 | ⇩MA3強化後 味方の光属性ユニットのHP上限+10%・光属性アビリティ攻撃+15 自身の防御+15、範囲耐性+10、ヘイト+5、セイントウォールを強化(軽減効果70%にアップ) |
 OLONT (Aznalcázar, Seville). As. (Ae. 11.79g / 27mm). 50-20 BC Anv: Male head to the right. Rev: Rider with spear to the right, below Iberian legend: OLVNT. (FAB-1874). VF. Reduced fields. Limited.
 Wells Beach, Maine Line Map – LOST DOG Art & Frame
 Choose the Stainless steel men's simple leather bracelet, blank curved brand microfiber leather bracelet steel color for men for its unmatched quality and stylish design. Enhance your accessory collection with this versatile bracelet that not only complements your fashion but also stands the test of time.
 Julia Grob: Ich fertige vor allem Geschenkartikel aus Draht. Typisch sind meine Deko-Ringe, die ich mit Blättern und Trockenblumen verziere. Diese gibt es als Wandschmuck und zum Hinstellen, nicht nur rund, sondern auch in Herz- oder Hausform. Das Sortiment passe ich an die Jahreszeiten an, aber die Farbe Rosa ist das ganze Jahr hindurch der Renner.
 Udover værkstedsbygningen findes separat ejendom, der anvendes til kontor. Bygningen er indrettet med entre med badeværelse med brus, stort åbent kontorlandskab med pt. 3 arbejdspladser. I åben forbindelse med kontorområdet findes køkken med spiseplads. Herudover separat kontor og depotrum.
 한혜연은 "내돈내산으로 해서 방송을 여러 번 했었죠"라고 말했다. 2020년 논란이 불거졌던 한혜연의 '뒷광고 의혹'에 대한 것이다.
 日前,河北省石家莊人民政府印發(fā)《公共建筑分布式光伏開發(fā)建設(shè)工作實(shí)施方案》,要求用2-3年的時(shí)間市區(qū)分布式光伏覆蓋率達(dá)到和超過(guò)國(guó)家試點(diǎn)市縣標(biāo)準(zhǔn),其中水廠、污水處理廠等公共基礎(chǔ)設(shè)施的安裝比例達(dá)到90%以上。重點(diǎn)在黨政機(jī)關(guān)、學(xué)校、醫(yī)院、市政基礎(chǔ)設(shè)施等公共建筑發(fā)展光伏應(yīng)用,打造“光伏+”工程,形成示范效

■ ■ ■ ■ ■ ■ ■

**Activity**
Nothing is to be left out: set down all the records again exactly.

**Result of this task**
 | ⇩MA3強化後 味方の光属性ユニットのHP上限+10%・光属性アビリティ攻撃+15 自身の防御+15、範囲耐性+10、ヘイト+5、セイントウォールを強化(軽減効果70%にアップ) |
 OLONT (Aznalcázar, Seville). As. (Ae. 11.79g / 27mm). 50-20 BC Anv: Male head to the right. Rev: Rider with spear to the right, below Iberian legend: OLVNT. (FAB-1874). VF. Reduced fields. Limited.
 Wells Beach, Maine Line Map – LOST DOG Art & Frame
 Choose the Stainless steel men's simple leather bracelet, blank curved brand microfiber leather bracelet steel color for men for its unmatched quality and stylish design. Enhance your accessory collection with this versatile bracelet that not only complements your fashion but also stands the test of time.
 Julia Grob: Ich fertige vor allem Geschenkartikel aus Draht. Typisch sind meine Deko-Ringe, die ich mit Blättern und Trockenblumen verziere. Diese gibt es als Wandschmuck und zum Hinstellen, nicht nur rund, sondern auch in Herz- oder Hausform. Das Sortiment passe ich an die Jahreszeiten an, aber die Farbe Rosa ist das ganze Jahr hindurch der Renner.
 Udover værkstedsbygningen findes separat ejendom, der anvendes til kontor. Bygningen er indrettet med entre med badeværelse med brus, stort åbent kontorlandskab med pt. 3 arbejdspladser. I åben forbindelse med kontorområdet findes køkken med spiseplads. Herudover separat kontor og depotrum.
 한혜연은 "내돈내산으로 해서 방송을 여러 번 했었죠"라고 말했다. 2020년 논란이 불거졌던 한혜연의 '뒷광고 의혹'에 대한 것이다.
 日前,河北省石家莊人民政府印發(fā)《公共建筑分布式光伏開發(fā)建設(shè)工作實(shí)施方案》,要求用2-3年的時(shí)間市區(qū)分布式光伏覆蓋率達(dá)到和超過(guò)國(guó)家試點(diǎn)市縣標(biāo)準(zhǔn),其中水廠、污水處理廠等公共基礎(chǔ)設(shè)施的安裝比例達(dá)到90%以上。重點(diǎn)在黨政機(jī)關(guān)、學(xué)校、醫(yī)院、市政基礎(chǔ)設(shè)施等公共建筑發(fā)展光伏應(yīng)用,打造“光伏+”工程,形成示范效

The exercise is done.